Otherwise few overriding negatives here; except for 'war'; except for a China possibly attacking Taiwan; and except for .. a longer-range plan .. to decouple trade from the U.S. Dollar. Just today we hear China has a deal with Brazil (a sort of friendly country) to commence trade without using the Dollar. Of all the 'black swans' or 'gray gooses' circling; the eventual Dollar role means most, of course aside the slaughter that actual combat with China would inevitably be. For the moment, on the weekend, the only Grey Goose might be 'bottled'.
Absent a really big-blow-up militarily or financially; we're not moving into a sort of 'severe' earnings recession; but a 'milder' variation of earnings contraction, in some but not all areas. Thus it's tough to gauge recovery prospects, but it's Spring, the market is conforming to our overall forecast (erratic at times such as last month, but nevertheless with our 'inverse head & shoulders bottom' of last October undisturbed and unlikely to be challenged anytime soon); and we expect an ebb & flow but basically stable to higher in many stocks in April.
Notice I suggested "in many stocks", because unless something incredible like Apple buying Disney actually occurs (that would rocket the S&P itself); most of the action should be in smaller stocks, especially low-float candidates with a decent proportion of that float shorted, which provides fuel for rally ignition.
In sum: superb end-of-Quarter / month-end rally; and particularly in smaller stocks in which we thought the heavily shorted lower-float ones were primed to move for awhile, and this was the opportunity to do so. Follow-through will likely be contested, but at the moment most should squeeze shorts further in the new week, even if they have an initial effort to fade the first 'thrusts'.
This was largely Quarter-end 'window dressing'; to show on-the-books stock rather than just cash or Treasuries, as they miss an upside move; especially as relates to 'AI'. Lots more (with individual stock reflections) follows below.
I'll expand on other areas, including geopolitics, next week. It's important not to have the U.S. situation really cave-in, which is why whatever Fed intentions they need to recognize that in a time of military preparedness (China called it 'pre-war' in three separate 'dear leader' speeches this past month) we must be 'on point' and capable of financing the necessary advances where we lag adversaries. I'm not encouraging reckless spending; just 'peace thru strength'.
Friday was 'epic' in terms of how you squeeze a handful of oversold survivor small stocks, while bigger ones came along for the ride generally; not entirely.
I don't dispute that banking stress persists; but also that inflation is easing; as I have suggested for some time 'naturally'; and the PCE showed that. Now we have an upcoming CPI number; that too should reflect easing price pressures.

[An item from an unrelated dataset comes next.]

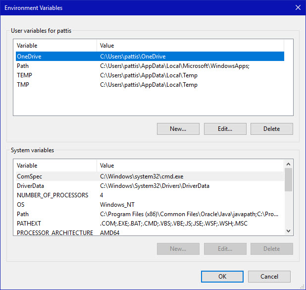 IMPORTANT: Even though you see a Path in the User variables (top part) look for Path in the lower part to change it.
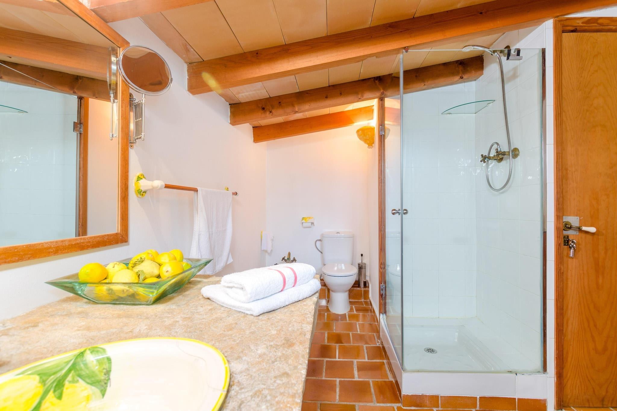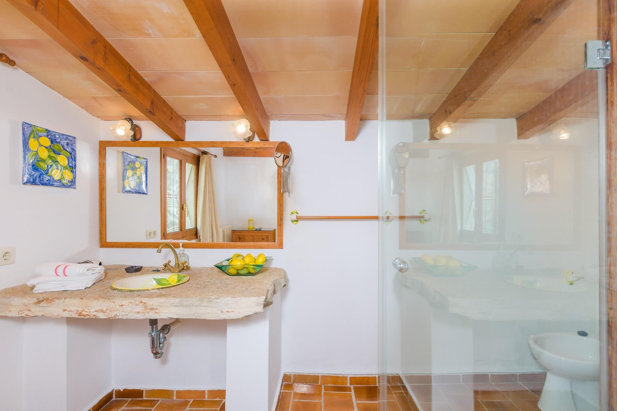 De buitenkant van dit pand is indrukwekkend. De echte ster is naast een majestueus bouwwerk het privé zoutbad van 7 x 3 m en 1 tot 1,7 m diep, waar u na het zonnebaden heerlijk kunt afkoelen. Vervolgens nodigt het terras u uit om heerlijke barbecues te bereiden en de middag door te brengen met kletsen en genieten van het uitzicht. Het huis beschikt over 2 verdiepingen. Vanaf het terras heeft u toegang tot een prachtige, met glas omgeven woon-eetkamer, perfect om tijdens het eten of ontspannen het prachtige uitzicht te bewonderen. Vervolgens komt u in de keuken, traditioneel van stijl en uitgerust met een gasfornuis, die uitkomt op een andere woonkamer, waar u satelliettelevisie kunt kijken of naar muziek kunt luisteren. Deze kamer is voorzien van airconditioning en open haard. De wasruimte beschikt over een wasmachine, strijkijzer en strijkplank. Er is een badkamer met ligbad op deze verdieping en een andere met douche op de bovenverdieping, waar zich ook de 3 slaapkamers met kledingkast bevinden. Twee bieden een tweepersoonsbed en de derde een eenpersoonsbed. Een dubbele biedt airconditioning. Er zijn 11 radiatoren in huis. Er zijn 2 kinderbedjes en 2 kinderstoelen. Het huis draait op zonne-energie. De villa ligt op 4,5 km van Inca, een klein stadje met alles wat u nodig heeft, zoals bars, restaurants, supermarkten, allerlei soorten winkels, enz. Elke donderdagochtend wordt hun traditionele markt gehouden. Omdat ze vrij centraal op het eiland liggen, hebben ze gemakkelijke en snelle toegang in elke richting. Het dichtstbijzijnde strand, Puerto de Alcúdia, ligt op 21,7 km afstand of ongeveer 25-30 minuten rijden. De WIFI heeft een downloadlimiet. Voor eventuele extra kosten kunt u contact opnemen met de adverteerder. Wij accepteren geen huisdieren. Het vieren van evenementen is niet toegestaan. Er is buiten parkeergelegenheid voor 5 auto's. Afstanden Strand: 21,7 km - Puerto de Alcúdia Luchthaven: 41 km - Son Sant Joan Golfbaan: 19,7 km - Pollença Stad: 4,5 km - Inca Treinstation: 4,7 km - Inca Bushalte: 4,7 km - Inca Veerboot: 25,5 km - Puerto de Alcúdia Ziekenhuis: 4,9 km - Inca Toeristenvergunning: ETV/966Bij de ingang dient u de Ecotasa (toeristenbelasting van de Balearen) contant te betalen. Het bedrag varieert tussen EURO 0,55 / per nacht per persoon in het laagseizoen en EURO 2,2 / per nacht per persoon in het hoogseizoen. Vanaf de negende dag wordt het met de helft verminderd. Personen onder de 16 jaar uitgesloten.

Bottom line: a few analysts are 'allowing' for a grinding upside move (how kind of them); while some technicians remain bearish (good; helps upside in this situation, but only short-term). Basically they are capitulating to the rally.
Dynamics next week include Oil (strong); the Dollar (not making much of the trading agreement between China and Brazil); and of course the CPI which I suspect will be friendly, as was the (adequately milder) PCE on Friday. We're optimistic that the market's rally was not a month-end 'head-fake', but gains a bit of staying power, though I expect it to be put on the defensive, essentially to test its mettle as we progress early in the new week.